Accessible Explanation
“Can Large Language Models Solve Optimisation Problems?” provides a narrative exploration of the research accessible to broader audiences. It explains the concepts without assuming expertise in either transformers or constraint programming, making the work relevant to anyone curious about AI capabilities and limitations.
Why This Matters: The Bigger Picture
This research sits at the intersection of two transformative technologies: large language models and mathematical optimization.
We’re witnessing a moment where AI language models demonstrate remarkable capabilities—writing code, reasoning through problems, generating creative content. But understanding their genuine strengths versus hype requires careful investigation. This research contributes that understanding for a specific domain: can they actually help with optimization modeling?
The honest answer: partially. They’re not replacing optimization experts, but they’re creating new possibilities for accessibility and workflow acceleration. That’s valuable even if it’s not revolutionary.
There’s also methodological value. As LLMs become ubiquitous, we need rigorous frameworks for testing their capabilities in specialized domains. How do you validate AI-generated mathematical models? What verification steps are essential? What failure modes should users watch for? This research establishes patterns applicable beyond optimization.
The work also highlights a broader principle: AI tools are most effective when combined with human expertise, not as replacements for it. LLM-generated models serve as drafts requiring expert refinement. That human-AI collaboration model probably applies across many professional domains.
Looking Forward: Where the Research Goes Next
Every answer raises new questions worth investigating:
Fine-Tuning Experiments: Could transformers specifically fine-tuned on optimization modeling datasets improve performance? Would domain-specific training reduce error rates?
Interactive Model Refinement: What if the system could iteratively improve models based on validation feedback?

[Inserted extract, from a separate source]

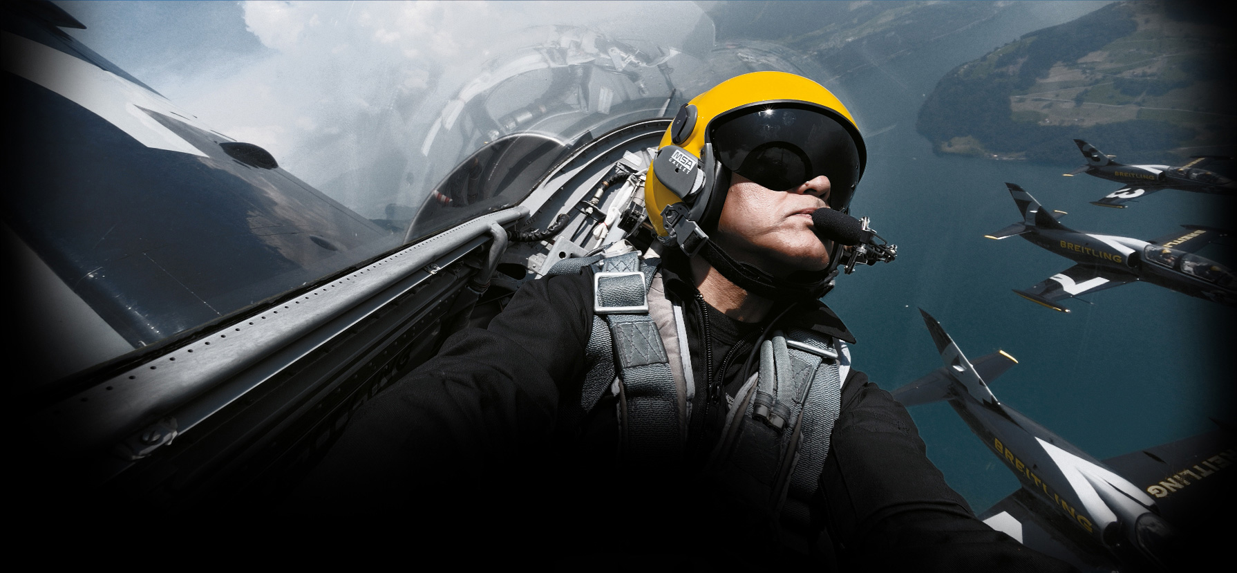 Description: A man in a helmet is flying in a plane with fighter jets in the background and a yellow helmet on.
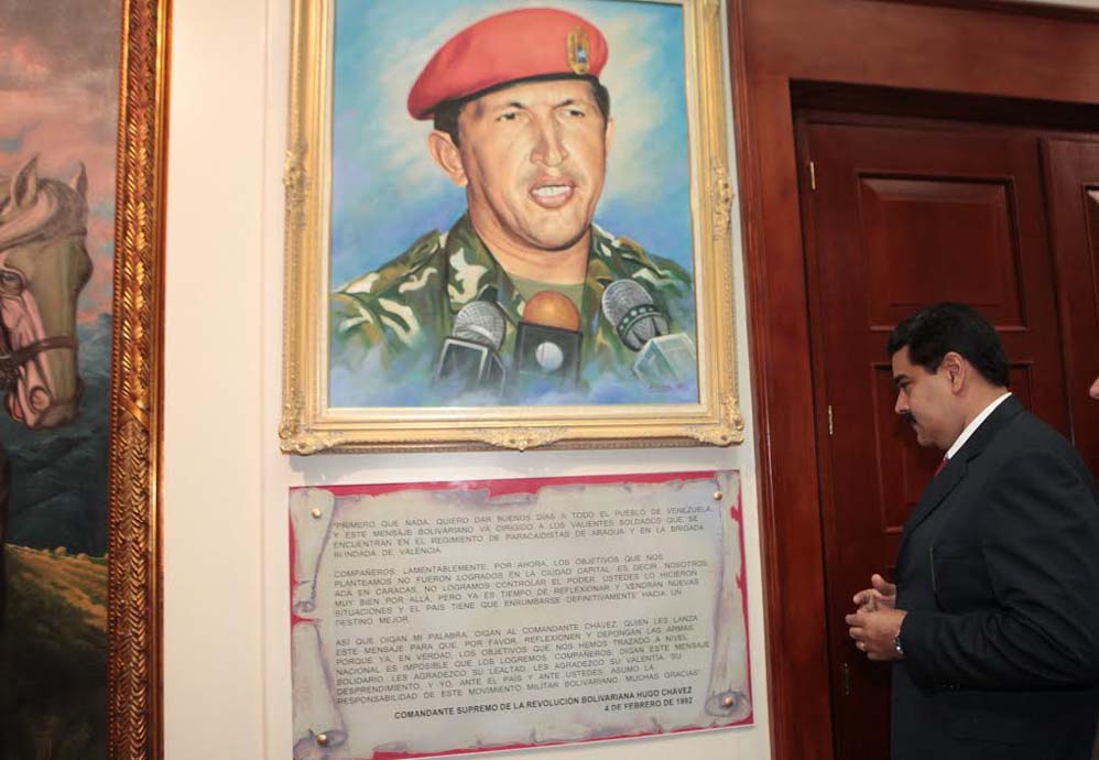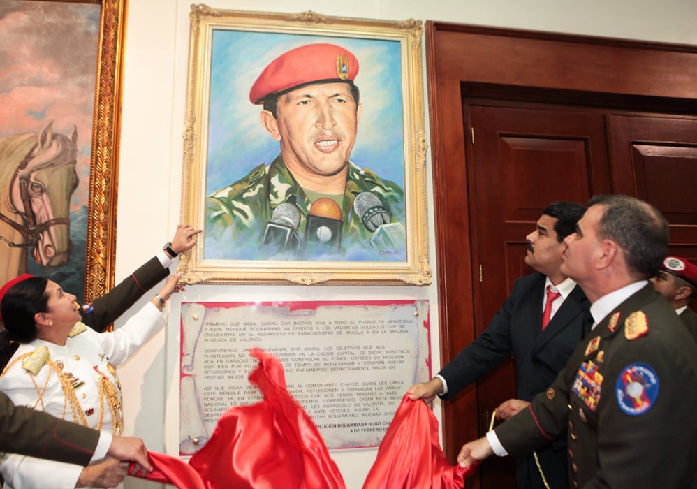 Caracas, octubre 28 - El presidente de la República, Nicolás Maduro, develó un cuadro del Comandante Hugo Chávez en el lugar desde donde envió su histórico mensaje el 4 de febrero de 1992.

Generate a model, test it, explain what’s wrong, generate a revised version.
Hybrid Approaches: Combining LLM model generation with automated verification tools could catch errors before human review. Integrate constraint checkers, solution validators, and formal verification into the generation pipeline.
Multi-Modal Problems: Can models learn to generate optimizations from diagrams, tables, or other non-textual problem descriptions? Many real-world problems are communicated visually.
Explainability Enhancement: Improving the system’s ability to explain why it formulated a model in a particular way would increase trust and enable better human-AI collaboration.
Broader Language Support: Extending beyond MiniZinc to other optimization frameworks (Pyomo, JuMP, Gurobi Python) would increase practical utility.
The investigation continues because the potential remains partially realized. We’ve established feasibility and identified clear limitations. The next phase involves systematically addressing those limitations.
Commitment to Open Science and Honest Assessment: This research embraces transparency about both successes and failures. The publication is openly accessible. Complete datasets are publicly available. Limitations are discussed as prominently as achievements.
If you’re exploring AI applications in specialized technical domains, developing educational tools for optimization, or researching transformer capabilities and limitations—this work is meant to help. Progress happens through honest evaluation of what works, what doesn’t, and why. Science advances when we share both our successes and our instructive failures.